Condamné en Guinée il demeurera en France

Tribunal administratif d'Orléans

L'arrêté de reconduite à la frontière prise par le préfet du Loir-et-Cher en date du 22 décembre 2011 vient d'être annulé en justice.

Un jeune homme âgé de 23 ans, de nationalité guinéenne, avait fui son pays après les terribles événements perpétrés au stade de Conakry en septembre 2009. Le meurtre et le viol par les forces de sécurité guinéennes de centaines de sympathisants de l'opposition ont été depuis considérés comme des crimes contre l'humanité.
Entré sur le territoire français, il ne retournera pas en Guinée comme le souhaitait l'administration.

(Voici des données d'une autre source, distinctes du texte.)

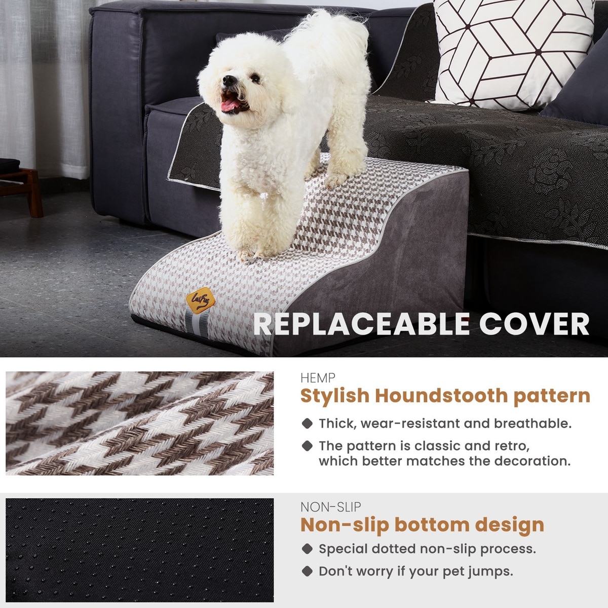 LaiFug Dog Stairs, Black & White, Small: 2-Step
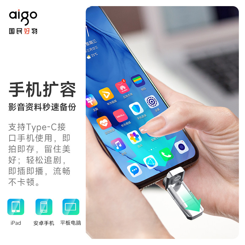 爱国者固态u盘1t大容量手机电脑两用高速typec双接口优盘正品512g

Un retour en Guinée mettant en danger sa vie

Le jeune homme entré en France en août 2010 sans pouvoir justifier d'une entrée régulière avait sollicité le statut de réfugié auprès de l'Office français de protection de réfugiés et apatrides (Ofpra). Mais, le 15 mars 2011, ce statut lui était refusé. La cour nationale du droit d'asile confirmait cette décision le 28 septembre dernier.
Trois mois plus tard, le préfet du Loir-et-Cher l'obligeait à quitter le territoire et fixait le pays vers lequel il sera renvoyé.
Le dossier était alors confié à Me Laurent Toubale. L'avocat estimait que ce jeune homme risquait sans aucun doute sa vie en cas de retour dans son pays d'origine.
Dans ses attendus, le tribunal a considéré que les éléments apportés par le requérant étaient significatifs. « Pour démontrer le risque qu'il encourt en cas de retour en Guinée, le requérant produit un extrait de jugement du tribunal de Conakry du 25 août 2010 le déclarant coupable des faits d'attroupement, d'assassinat et de troubles à l'ordre public lors du rassemblement de l'opposition au stade de Conakry le 28 septembre 2009 et le condamnant par défaut à cinq ans de prison ferme, ainsi qu'un mandat d'arrêt signé par le procureur de la République en décembre 2011 ».
Les juges ont relevé que le préfet ne contredisait pas la valeur probante de ces éléments, mais il se bornait à faire valoir qu'ils lui avaient été adressés postérieurement à la date de l'arrêté attaqué. Ils ont de ce fait annulé l'arrêté de reconduite à la frontière pris par le préfet du Loir-et-Cher. En revanche, ils ont estimé qu'en se basant sur les décisions prises par l'Ofpra, le préfet n'avait pas commis d'erreur d'appréciation en refusant de délivrer un titre de séjour à ce jeune Guinéen.